YOUR ASSIGNMENT> Leave the pictures in the listing below aside and reproduce exactly the lines starting with the one with "7月24日,河南大学与广州锐" and going on through the one with "2月からの運休便を説明するスカイマークの有森社長(右)と井手会長=1月29日 PHOTO: Tadayuki", both ends included.

DATA FOR REVIEW>
--

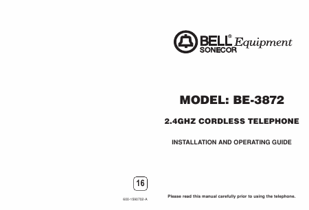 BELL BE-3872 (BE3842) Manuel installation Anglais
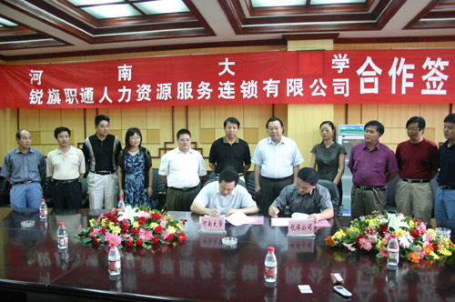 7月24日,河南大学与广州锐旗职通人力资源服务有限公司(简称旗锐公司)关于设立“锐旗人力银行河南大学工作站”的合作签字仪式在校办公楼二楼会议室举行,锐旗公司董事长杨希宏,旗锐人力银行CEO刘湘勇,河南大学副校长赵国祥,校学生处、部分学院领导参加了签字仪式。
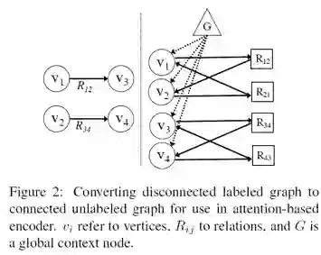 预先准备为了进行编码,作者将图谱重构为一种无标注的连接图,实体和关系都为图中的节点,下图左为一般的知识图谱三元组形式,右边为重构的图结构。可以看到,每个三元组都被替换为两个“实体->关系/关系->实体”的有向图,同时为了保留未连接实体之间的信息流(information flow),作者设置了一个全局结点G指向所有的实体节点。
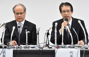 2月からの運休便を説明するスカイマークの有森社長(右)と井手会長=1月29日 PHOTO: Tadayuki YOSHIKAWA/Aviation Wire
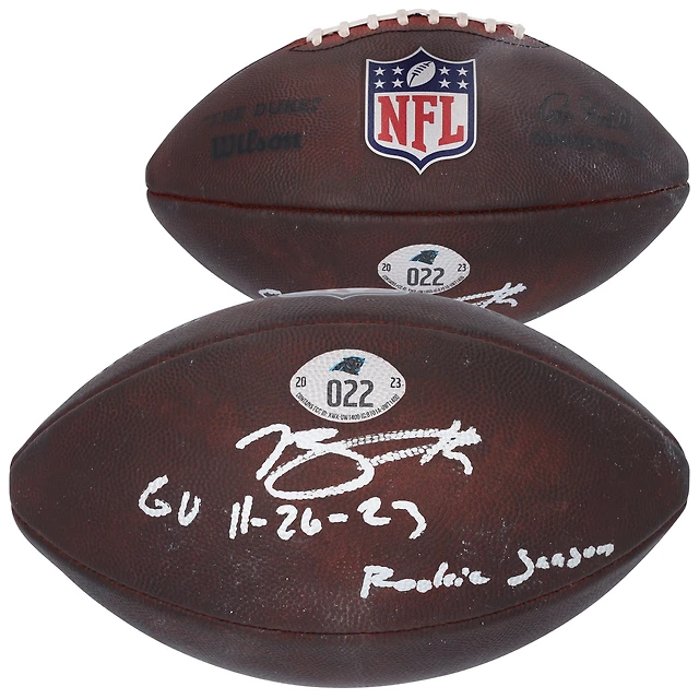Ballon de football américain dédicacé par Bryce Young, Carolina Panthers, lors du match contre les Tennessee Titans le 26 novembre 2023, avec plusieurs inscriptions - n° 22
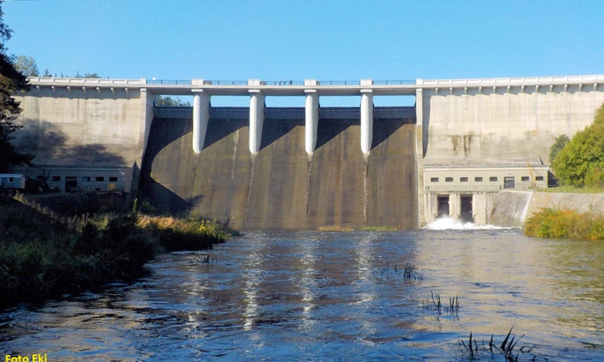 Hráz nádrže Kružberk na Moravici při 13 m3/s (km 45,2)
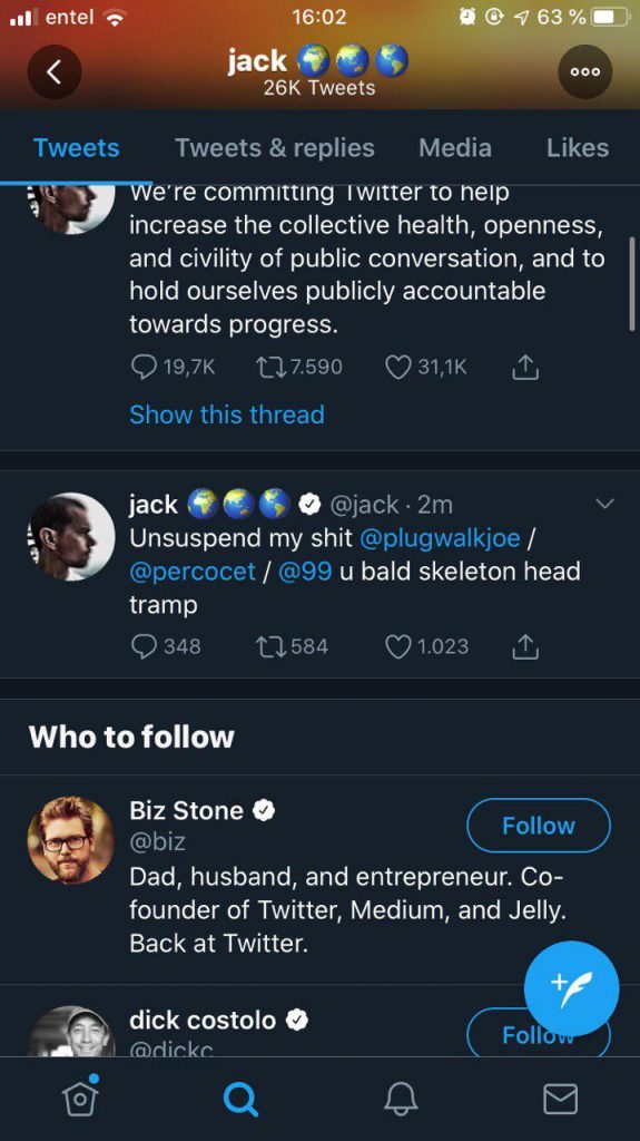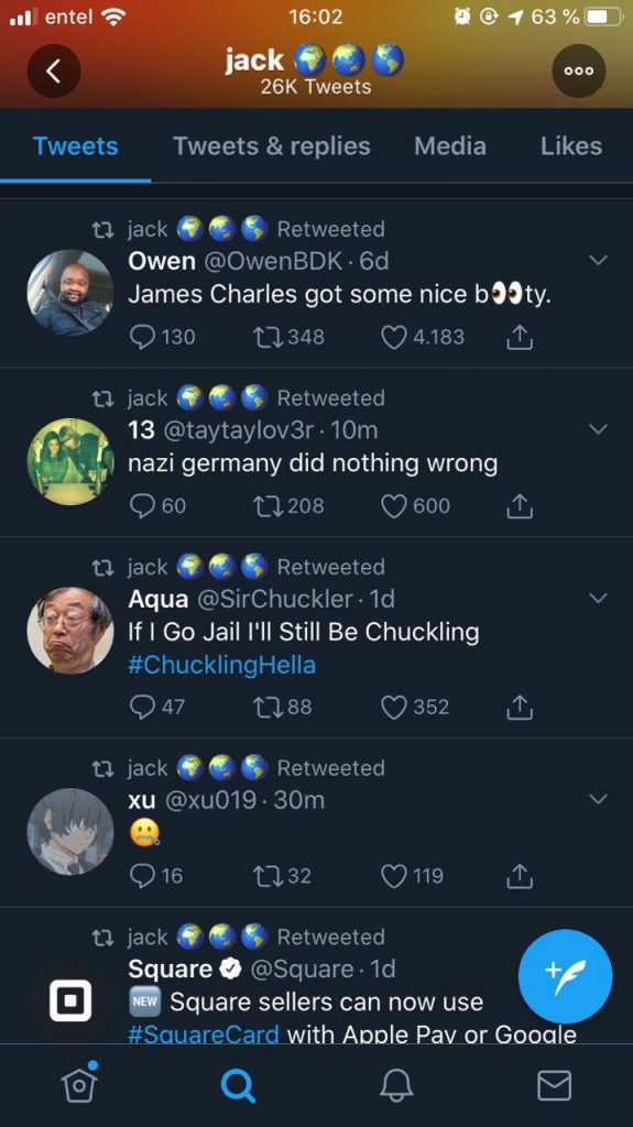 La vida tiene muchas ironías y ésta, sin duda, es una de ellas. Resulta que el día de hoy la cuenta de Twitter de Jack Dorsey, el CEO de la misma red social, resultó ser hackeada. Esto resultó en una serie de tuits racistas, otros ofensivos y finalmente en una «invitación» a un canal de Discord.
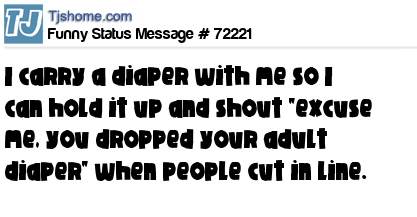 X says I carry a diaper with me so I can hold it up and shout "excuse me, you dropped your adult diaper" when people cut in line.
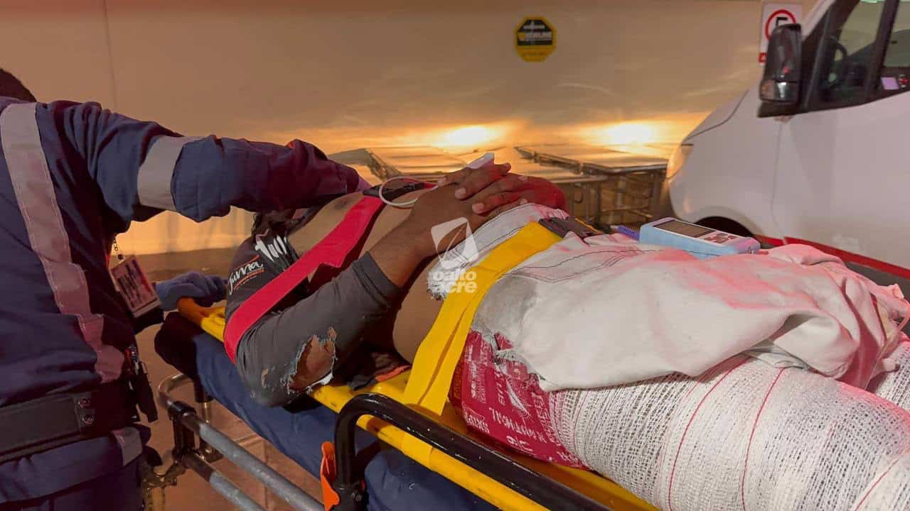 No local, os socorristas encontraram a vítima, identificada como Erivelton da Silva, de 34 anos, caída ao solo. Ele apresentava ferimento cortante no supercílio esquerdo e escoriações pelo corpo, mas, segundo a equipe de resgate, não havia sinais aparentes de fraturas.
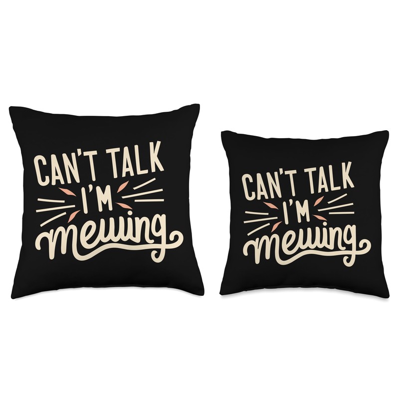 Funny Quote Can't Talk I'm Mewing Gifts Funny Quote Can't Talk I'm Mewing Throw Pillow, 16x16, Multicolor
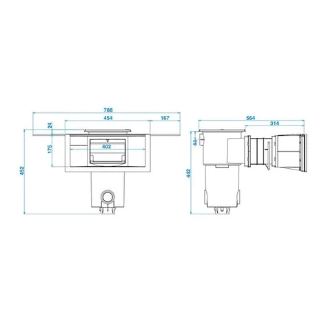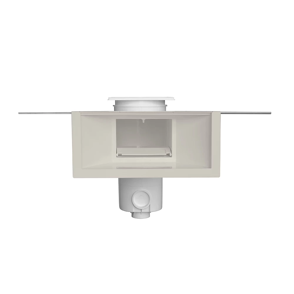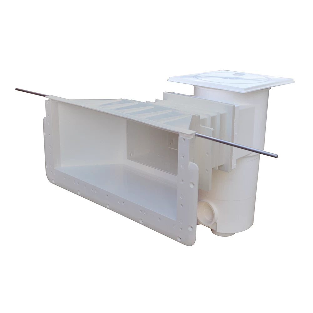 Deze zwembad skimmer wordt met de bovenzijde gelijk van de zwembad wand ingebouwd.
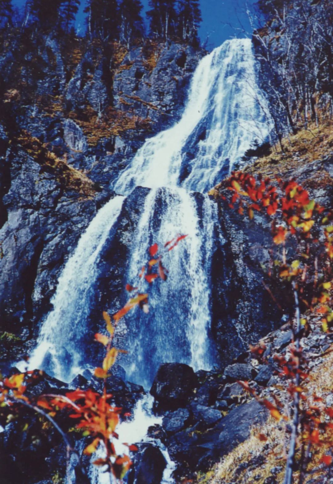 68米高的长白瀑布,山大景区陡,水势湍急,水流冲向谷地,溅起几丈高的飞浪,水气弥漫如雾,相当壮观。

--

EXERCISE ANSWER>
 7月24日,河南大学与广州锐旗职通人力资源服务有限公司(简称旗锐公司)关于设立“锐旗人力银行河南大学工作站”的合作签字仪式在校办公楼二楼会议室举行,锐旗公司董事长杨希宏,旗锐人力银行CEO刘湘勇,河南大学副校长赵国祥,校学生处、部分学院领导参加了签字仪式。
 预先准备为了进行编码,作者将图谱重构为一种无标注的连接图,实体和关系都为图中的节点,下图左为一般的知识图谱三元组形式,右边为重构的图结构。可以看到,每个三元组都被替换为两个“实体->关系/关系->实体”的有向图,同时为了保留未连接实体之间的信息流(information flow),作者设置了一个全局结点G指向所有的实体节点。
 2月からの運休便を説明するスカイマークの有森社長(右)と井手会長=1月29日 PHOTO: Tadayuki YOSHIKAWA/Aviation Wire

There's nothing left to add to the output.